De Unie geeft momenteel actief uitvoering aan deze strategie en aan de in hoofdstuk II en III daarvan genoemde maatregelen, bijvoorbeeld door financiële middelen vrij te maken ter ondersteuning van specifieke projecten die leiden tot een versterking van het multilaterale non-proliferatiestelsel en tot multilaterale vertrouwenwekkende maatregelen. De Haagse Gedragscode tegen de verspreiding van ballistische raketten (hierna „de Code” genoemd) vormt een integrerend deel van deze regeling en is erop gericht de proliferatie van ballistische-raketsystemen voor de overbrenging van massavernietigingswapens en daarmee verband houdende technologieën te voorkomen en terug te dringen.

(3)

Op 17 november 2003 heeft de Raad Gemeenschappelijk Standpunt 2003/805/GBVB (1) betreffende de universalisering en versterking van multilaterale overeenkomsten op het gebied van de non-proliferatie van massavernietigingswapens en overbrengingsmiddelen daarvoor aangenomen. In dat gemeenschappelijk optreden wordt onder meer gevraagd ernaar te streven dat zoveel mogelijk staten de Code ondertekenen, in het bijzonder staten die beschikken over een vermogen inzake ballistische raketten, en dat de Code verder wordt ontwikkeld en uitgevoerd, met name de vertrouwenwekkende maatregelen ervan, en dat een nauwer verband tussen de Code en het multilaterale non-proliferatiestelsel van de VN in de hand wordt gewerkt.

(4)

Op 23 mei 2007 heeft de Raad besloten maatregelen te nemen om het universele karakter van de Code en de naleving van de beginselen ervan te bevorderen. Daartoe is in 2007, in de marge van de jaarlijkse vergadering van ondertekenende staten, een workshop georganiseerd waarin de voornaamste staten met een vermogen inzake ballistische raketten, ook die welke de Code niet hebben ondertekend, werden samengebracht. De voortzetting van deze dialoog tussen ondertekenende en niet-ondertekenende staten is een prioriteit van de EU met het oog op de verdere bevordering van het universele karakter van de Code en een betere uitvoering ervan. Dit besluit zal tot dit proces bijdragen,

BESLUIT:

Artikel 1

1.   Om te zorgen voor een continue en praktische uitvoering van bepaalde onderdelen van de EU-strategie tegen de verspreiding van massavernietigingswapens steunt de EU de activiteiten van de ondertekenende staten van de code met betrekking tot de volgende doelstellingen:

a)

bevorderen van het universele karakter van de Code, en met name de ondertekening van de Code door alle staten met een vermogen inzake ballistische raketten;

b)

steun verlenen aan de uitvoering van de Code;

c)

ijveren voor een verdere versterking van de Code.

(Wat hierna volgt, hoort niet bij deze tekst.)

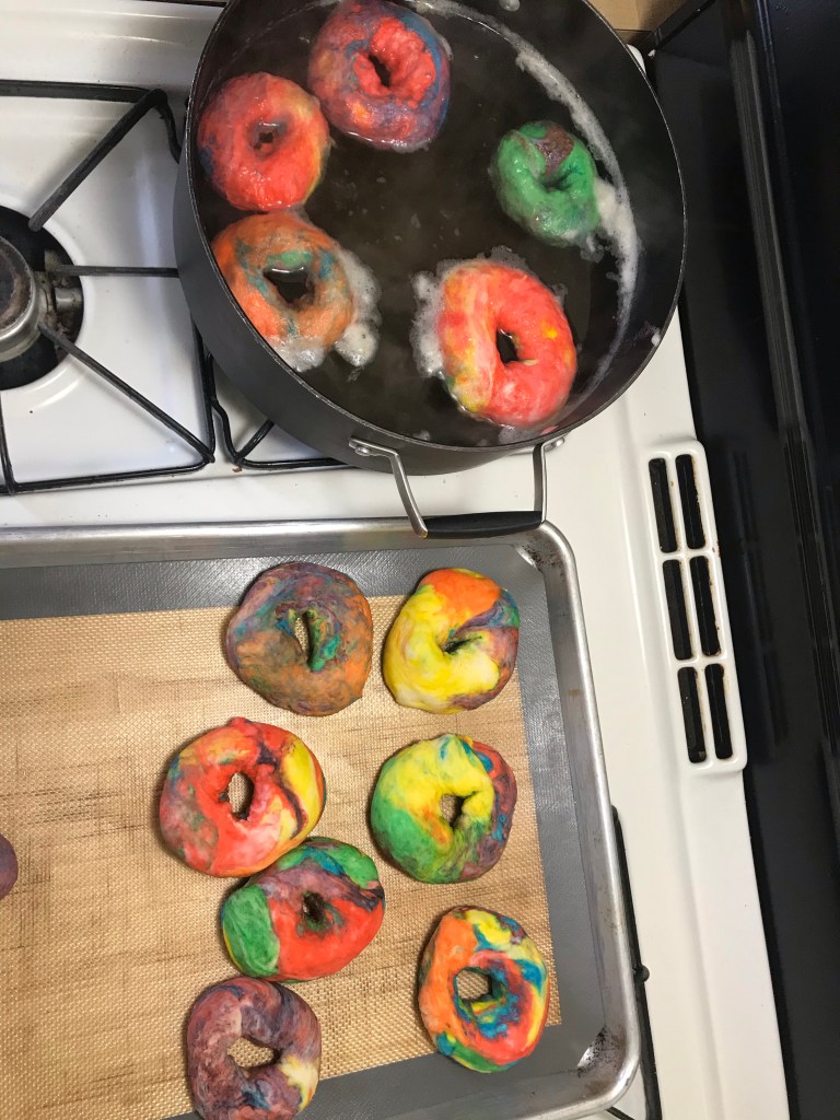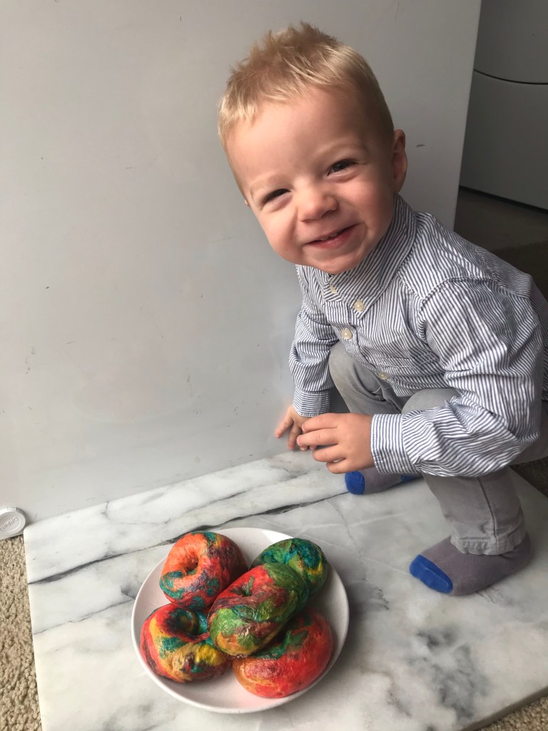 I always love doing a rainbow themed week around St Patrick’s Day. We always have rainbow pancakes for dinner with a “pot of gold” eggs and “fluffy clouds” of whipped cream. This year I decided to make something new and we tried these rainbow bagels!!
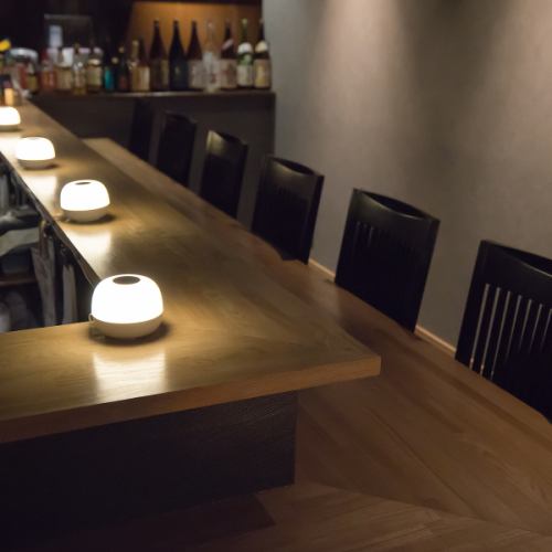和の雰囲気が漂う空間となっておりますので、家に帰ってきたような落ち着きを感じることができると思います。カウンター席は木のぬくもりを感じられるお席となっております。

2.   In deze context hebben de door de Europese Unie te steunen projecten betrekking op de volgende specifieke activiteiten:

a)

voorzien in middelen voor het organiseren van gerichte stimuleringsactiviteiten, bijvoorbeeld in de vorm van workshops, om te bevorderen dat andere staten de Code ondertekenen in de regio waarin het minst aantal staten dit heeft gedaan;

b)

voorzien in financiële en technische middelen om enerzijds de uitwisseling van informatie tussen ondertekenende statenstaten en anderzijds een bezoek van internationale waarnemers aan de testlanceerinstallaties voor ruimtelanceervoertuigen te bevorderen, die ondertekenende staten besloten hebben op vrijwillige basis te overwegen, overeenkomstig punt 4, onder a), ii), van de Code.

c)

voorzien in de middelen om onder de ondertekenende staten het debat voort te zetten over hoe het belang en de leefbaarheid van de Code kunnen worden gehandhaafd. Bij dit debat wordt in het bijzonder rekening gehouden met nieuwe ontwikkelingen op het gebied van de proliferatie van ballistische raketten en met ontwikkelingen in internationale institutionele en juridische kaders inzake ballistische raketten.

Deze projecten worden uitgevoerd ten behoeve van ondertekenende en niet-ondertekenende staten.

In de bijlage gaat een nadere omschrijving van bovenbedoelde projecten.

Artikel 2

1.   Het voorzitterschap, bijgestaan door de secretaris-generaal van de Raad/hoge vertegenwoordiger voor het Gemeenschappelijk Buitenlands- en Veiligheidsbeleid (SG/HV), draagt de verantwoordelijkheid voor de uitvoering van dit besluit. De Commissie wordt hierbij ten volle betrokken.

2.   De technische uitvoering van de in artikel 1, lid 2, bedoelde projecten is in handen van de Fondation pour la Recherche Stratégique (FRS) in Parijs.

De FRS voert haar taken uit onder het toezicht van de SG/HV, die het voorzitterschap bijstaat, en in nauw overleg met de voorzitter van de jaarlijkse vergaderingen van de ondertekenende staten van de Code en met Oostenrijk in zijn hoedanigheid van direct centraal contactpunt (ICC)/uitvoerend secretariaat van de Code. De SG/HV treft daartoe de nodige regelingen met de FRS.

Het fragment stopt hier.